(Dataset records)
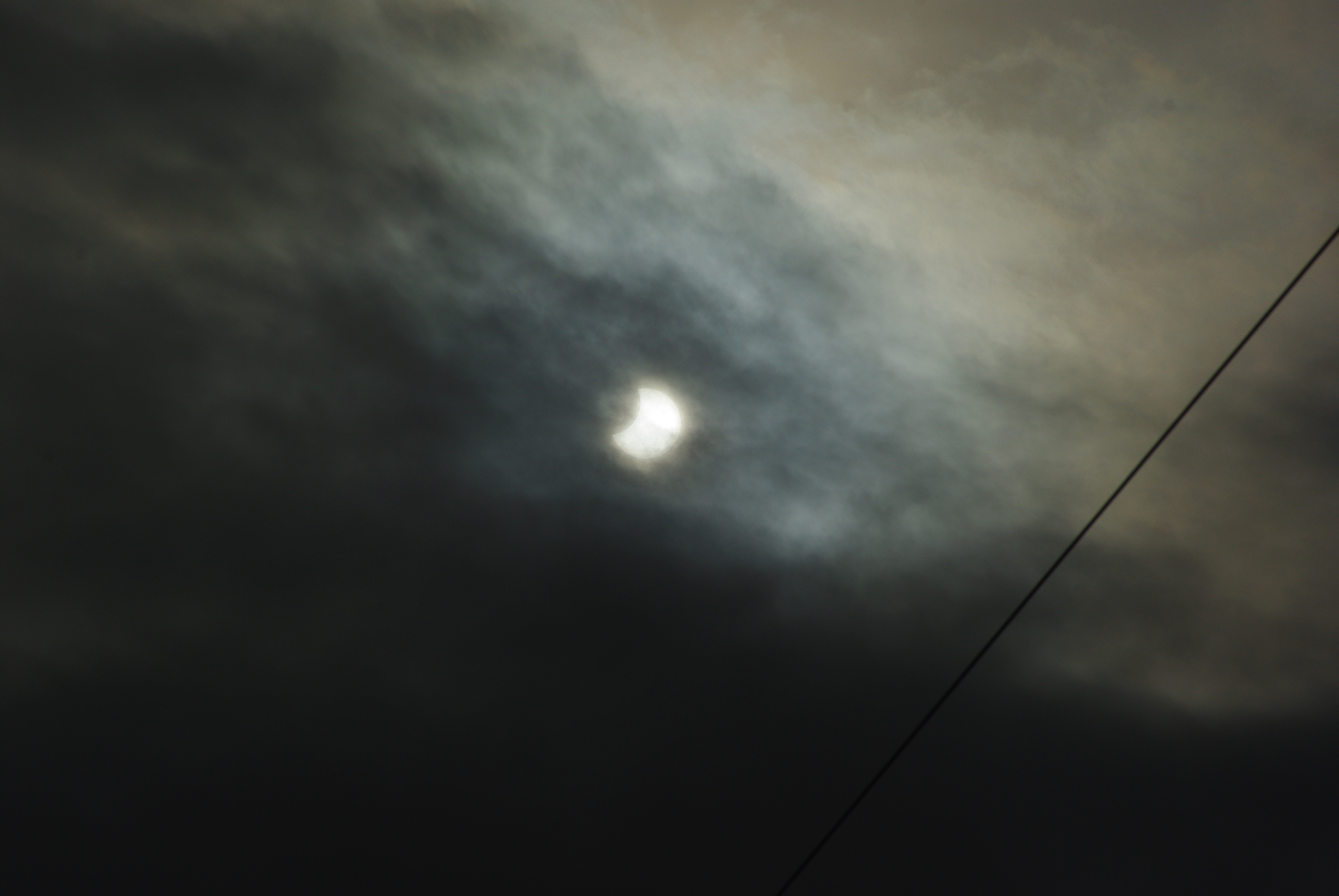 三脚を出して、部分日食の写真を撮影した。天気は曇りであったが、雲が減光フィルターの代わりとなり、うまく撮影できた。部分日食は皆既日食ほどの派手さはないが、興味深い天体現象である。
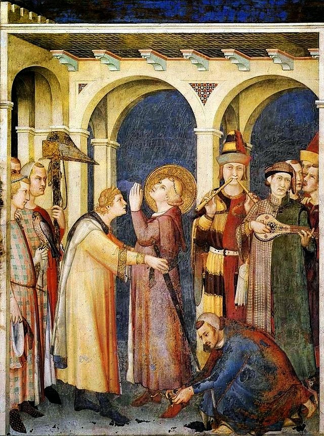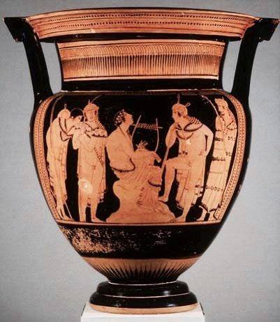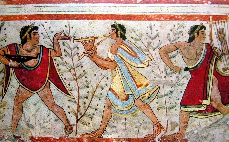 Già in età etrusca il concetto di musica ebbe una mutazione, legandosi agli aspetti ludici del buon vivere. Ad esempio negli affreschi della Necropoli di Tarquinia, sono raffigurati suonatori di flauti e di lire circondati da danzatori, con lo scopo di intrattenere. Interessante fu la figura dell’ “aulos” un doppio flauto che per millenni fu utilizzato prima nelle domus di patrizi ed imperatori, poi nelle regge di principi, marchesi e conti, fino ad arrivare nelle corti medievali. Testimonianze medievali di questo strumento le troviamo nell’affresco dell’Investitura di San Martino, opera di Simone Martini del 1318, ma anche nei codici miniati medievali, come quello del XIV secolo secolo, del poeta Remède de Fortune.
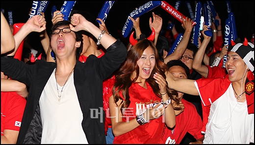 한국과 나이지리아가 16강행을 걸고 맞대결을 펼치고 있는 가운데 23일 새벽 서울 영동대로에서 응원중인 시민들이 이정수 선수의 동점골이 들어가자 환호하고 있다.
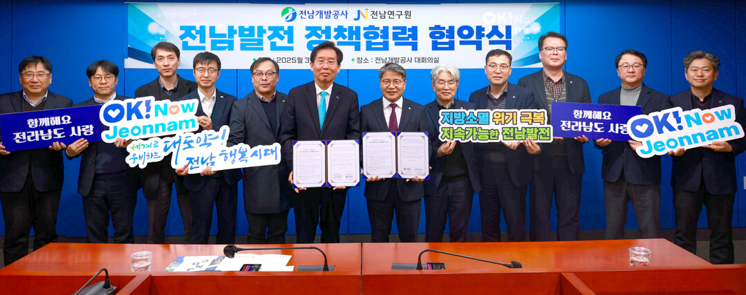 전남개발공사와 전남연구원이 지방소멸위기 등 지역문제의 심각성을 인식하고 전남 발전을 견인할 수 있는 정책 발굴에 협력하기 위해 5일 '전남발전 정책협력 협약'을 체결했다.
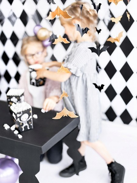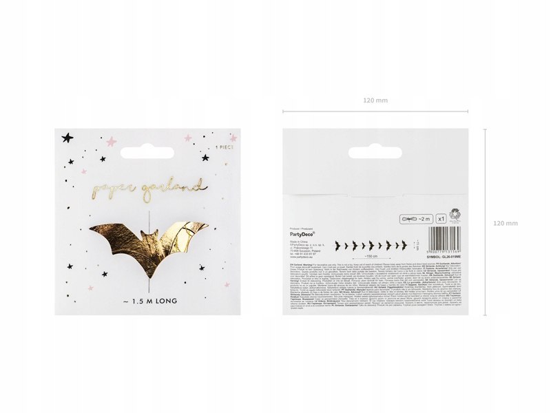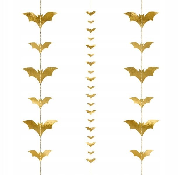 Przeszywana girlanda Nietoperze w kolorze metalicznym złotym, wykonana z papieru,

_TASK TO COMPLETE:_ In the entries above, find the line containing "전남개발공사와 전남연구원이 지방소멸위기". Transcribe it and every later line to the end, exactly, and leave out the pictures.

_REPLY TO THE TASK:_
 전남개발공사와 전남연구원이 지방소멸위기 등 지역문제의 심각성을 인식하고 전남 발전을 견인할 수 있는 정책 발굴에 협력하기 위해 5일 '전남발전 정책협력 협약'을 체결했다.
 Przeszywana girlanda Nietoperze w kolorze metalicznym złotym, wykonana z papieru,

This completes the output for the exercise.